Denizli , İzmir -Dinar  hattından ufak bir  şube ile ayrılmış.  Şimdi avdet ederken  Goncalı istasyonun da trenimiz yol değiştiriyordu.Artık  yavaş yavaş  yükseliyoruz .Bazı küçük istasyonlarda  ahalinin  intizar ve tehacümcünü görerek  tevkif  ve  selam ı şahaneyi  tebliğ ettik .Halk ateşin  bir sabırsızlıkla  beklediği  bu müjdeyi  heyecanla istikbal ediyordu. Denizli’den sonra  arazi bozuluyor,köyler fenalaşıyor,İzmir  ve mahallatında  gördüğümüz  mahsuldar  toprak artık yok.Sonra tren yollardan  gördüğümüz şirin köy  evleri  yerini buralarda  kerpiçten  yapılmış  çirkinlikler  başlıyor.sath ı bahr den(Deniz seviyesinden) gittikçe yükseliyoruz  ve Keçiborlu istasyonu 1010 metro irtifada .Nihayet  Baladız  istasyonuna indik.Burada Burdur  ve Isparta Mutasarrıfları  bizi bekliyordu.Baladız ne köy   ne nahiye yalnız bir istasyon.Hareket i arz dan bina çatlamış.Arabalara atladık.Şimdi  cenuba  Burdur’a doğru  inmeye başladık. Burdur istasyona üç saat.Burdur’a muvasalat  pek şaşalı oldu.Halk istikbal için  şehir haricine çıkmışlardı.Fişenkler atılıyor,dualar okunuyor,alkışlar tevali ediyordu.Hareket i arz bu güzel şehri  berbat etmiş .Sağlam bir binaya  tesadüf etmek bahtiyarlık.Yeniden inşasına başlanan  evlerde, harp musibeti içinde bitmemiş .Sokaklarda  zelzelenin açtığı çukurlar henüz öylece duruyor.Fakat halk bu  müselsel felaketlere rağmen   yine ,Aydın ahalisi gibi mağmum değil .Artık buralarda hamam takımı ile allı pullu kadınlar yok .Burada şalvarlı hanımlar var.Burdur gölü  çepe çevre kasabayı ihata etmiş  gibi.Yeni başlanan  binalar çamurun  kalıp şekle ifrağı  ile” saman  (k)arma” usulünde yapılıyor.Fakat maalesef  sokaklar eğri büğrü ve çukurlu.Bununla beraber Burdur ahalisi  çok saf ve hayırperver.Akşam  bize  alaturka  bir yemek yedirdiler.Şimdiye kadar  çekilen mükellef  ziyafetlerden çok hoşumuza  gitti.Burada yediklerimizi İzmir’in yüz kişilik  alafranga  sofrasında yemedik.Bakınız listede neler var:
Tavuklu çorba,sütlü çorba,kuzu dolması ,su böreği ,Bağdat muhallebisi (1),Harput köftesi (Büyük ihtmal Burdur’a özgü bir köfte çeşidi),sünger tatlısı,yalancı dolma ,kabak dolması,kaymaklı lokum tatlısı(bu da unutulan tatlılardan),etli palu, hoşaf yoğurt.hepimiz yerde  kurulan  bu nefis Anadolu sofrasında  bol iştaha ile  yemek yedik.İkram  hürmet için ahali etrafımız da  dört dönüyor.Denizli halkı gibi buralarda  pek misafirperverdi.Mutasarrıf iyi bir zat.Belediyede  yok gibi. Halbuki, böyle hücra köşelerde  halk varını yoğunu hükümetten bekliyor.Onlarda  ziraatde  ,maişetinde  hatta yatmalarında ,kalkmalarında  rehberi  olacak hükümet sanıyor.
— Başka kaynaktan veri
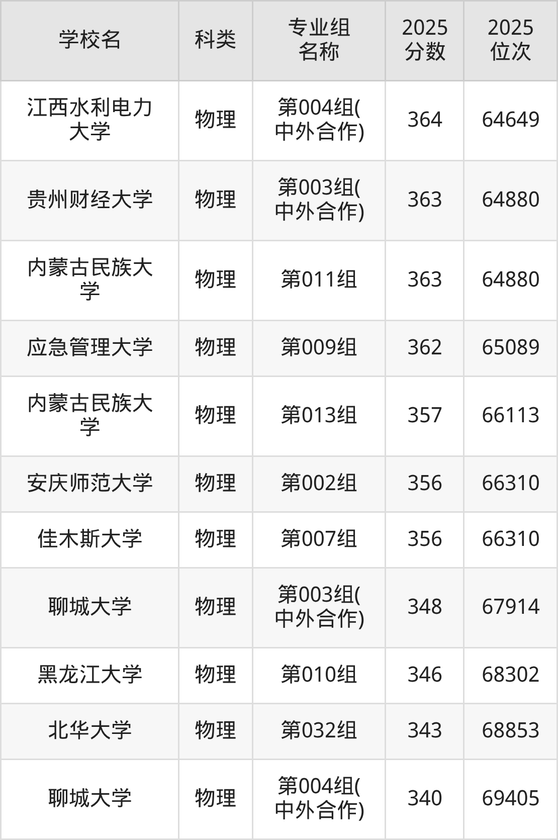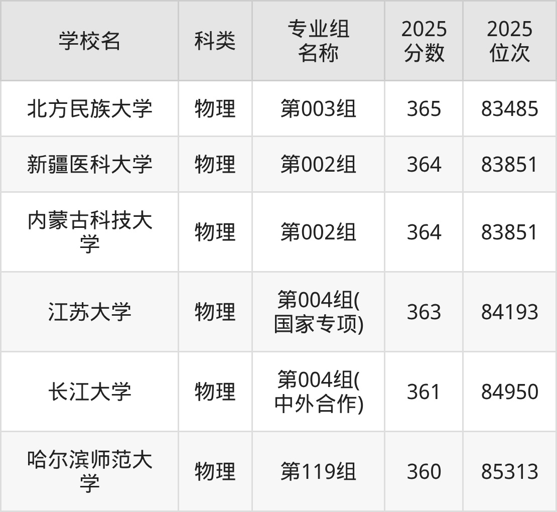 下面是吉林物理类365分能上的一本大学排名一览表:

Hükümet Konağı önünde toplanan Burdur halkına  beyanname okundu.Selamı şahane tebliğ  edildi. Saf ve samimi  halk  müteessir ve memnun  padişaha ,devlete,  millete  hayır dualar etti.İşte burası tasvir edilemez .Bakir Anadolu’nun  bir parçası  hareket i arz’ın  alt üst ettiği  Burdur ‘u yeni baştan yapmak lazım .Bu da iş adamı ,görgülü memurlar ister.
Antalya buraya iki gün.Evelce Şehzademiz burada istirahat edecekler, biz Antalya’ya inecektik.İbda ülkenin  bu güzel köşesini  görmekten mahrum kalmak istemeyen fedakar  şehzademiz  bu seyahatte de  bizi huzurlarıyla  memnun bırakmağa  karar verdiler.Bu gün arabalarla Antalya’ya iniyoruz.

Hayati KUZUCU 14,06,2012

 1 Bu gün unutulmuş Burdur muhallebisi.Çok sonraları Atatürk’ün Burdur’a gelişinde  Burdur’un tanınmış simalarından  Haydar Kuzucu’nun  evinde verilen  ziyafette de bu tatlı çeşidi aynı adla sunulunca;Bağdat  ismine Mustafa Kemal tepki göstermiş  Türk’e ait bu tatlının Bağdat‘a mal edilmemesini istemiştir.